Creo que lo he dicho ya: los libros de Umbral, que hoy pueden comprarse en los baratillos por unos céntimos, terminarán cotizándose como lo que son: para bien, o para mal, la obra de uno de los escritores más representativos de las aspiraciones y limitaciones de la literatura que se hizo en España durante el franquismo y los primeros años de la democracia. Tienen sabor de época y, al mismo tiempo, denotan un meritorio esfuerzo por trascenderla, es decir, por ir más allá de ese estilo vagamente azorinesco y un tanto redicho que tenían los más destacados prosistas que escribían en los periódicos de entonces. Para lograrlo, Umbral elaboró una curiosa mezcla del estilo peraltado del ya tres veces mencionado González Ruano y la cohetería de Ramón, trufado de algunas vetas de lirismo entre finisecular y becqueriano. Esa mezcolanza tiene personalidad y encanto; y sirve también de eficaz vehículo para una especie de insatisfecho cinismo muy propio de entonces, pero que aún hoy puede resultar atractivo y eficaz.

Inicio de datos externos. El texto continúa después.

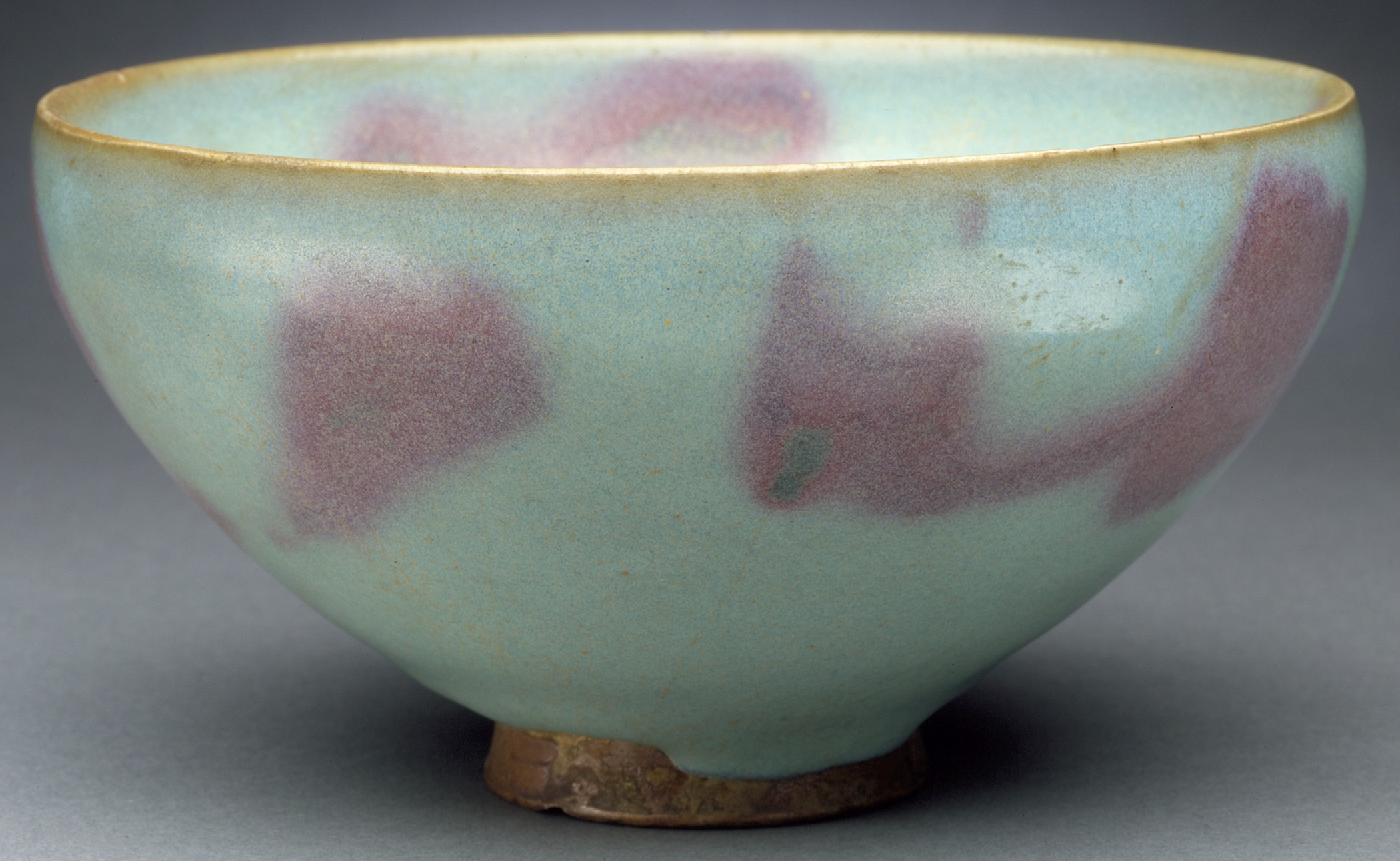 China, Henan Province, Jin dynasty, 1127-1234 Furnishings; Serviceware Jun ware, wheel-thrown stoneware with blue glaze and purple splashes Height: 3 3/8 in. (8.6 cm): Diameter: 5 7/8 in. (14.9 cm) Gift of Nasli M. Heeramaneck (M.73.48.132) Chinese Art

Si alguien lo duda, haga lo que yo: enciérrese durante varias semanas en una biblioteca y lea decenas o centenares de periódicos de hace cuarenta años. Los artículos de Umbral eran lo mejor que podía encontrarse en ellos. Y nadie ha venido a sustituirlo en la prensa de hoy.

José Manuel Benítez Ariza

Autor/a: José Manuel Benítez Ariza

José Manuel Benítez Ariza (Cádiz, 1963) vive escribiendo y escribe sobre la vida: un poco cada día, un poco de todo, en una profusión hecha de muchas brevedades. Narrador, poeta, traductor y articulista, el hilo conductor de esta aparente dispersión de fuerzas es su "diario abierto" Columna de humo, en el que trata de explicarse.